In July 2015, Liberty Wireless signed an agreement with M1 Limited that allowed it to tap on M1's mobile network, thus becoming the first MVNO, operating as Circles Asia, in Singapore to offer a full service mobile network experience. It has since expanded to Taiwan and Australia, where it leases the Chunghwa Telecom and Optus networks, respectively.

It has no phone customer service, with the only support channels available to its customers being live chat and email.
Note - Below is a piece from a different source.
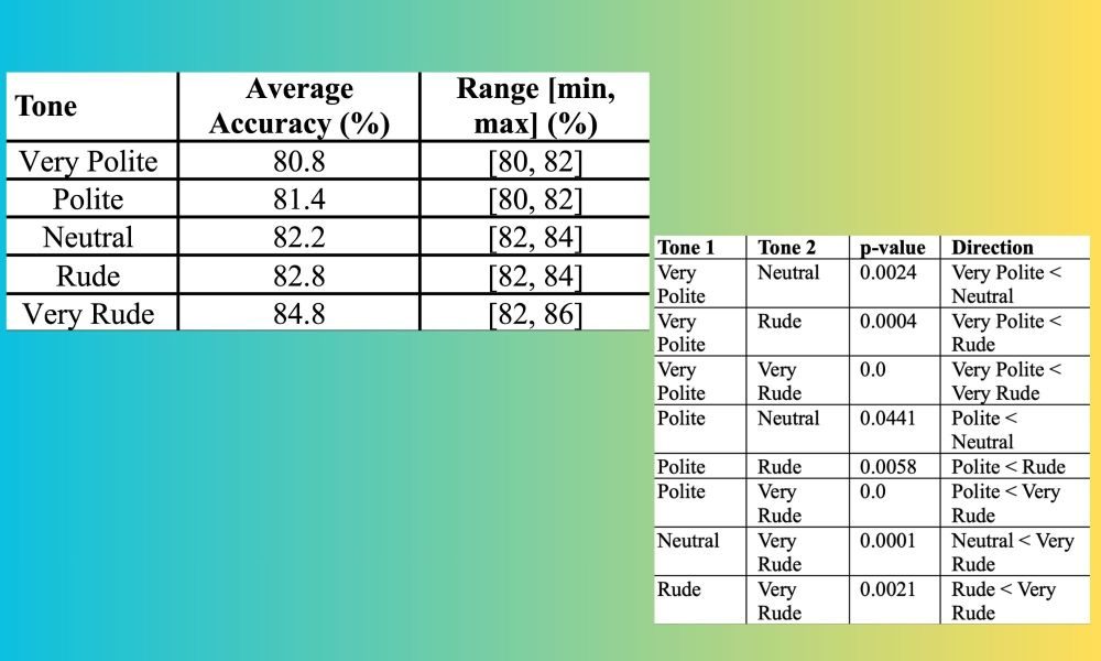 Según un trabajo de investigación previo a la impresión realizado por expertos de la Universidad Estatal de Pensilvania, cuando a ChatGPT se le hizo la misma pregunta en diferentes tonos, las preguntas groseras “superaron consistentemente” a las preguntas educadas. La precisión de las respuestas proporcionadas por ChatGPT con preguntas educadas fue del 80,8%, mientras que la misma consulta descrita de manera muy grosera mejoró la precisión de las respuestas al 84,8% en un formato de cuestionario de opción múltiple.

In February 2019, the company announced that it had closed an undisclosed round of funding with Sequoia India and its plans to expand in five new markets, including Taiwan and Australia over the next 18 months. The company has expanded its offerings by launching digital lifestyle features such as its AI-driven events and movie-based platform, 'Discover'. In June 2019, the company closed another round of funding for an undisclosed amount led by Singapore’s Government-linked EDBI and Founders Fund. This marks the first time the Silicon Valley-based Founders Fund has invested in a telco.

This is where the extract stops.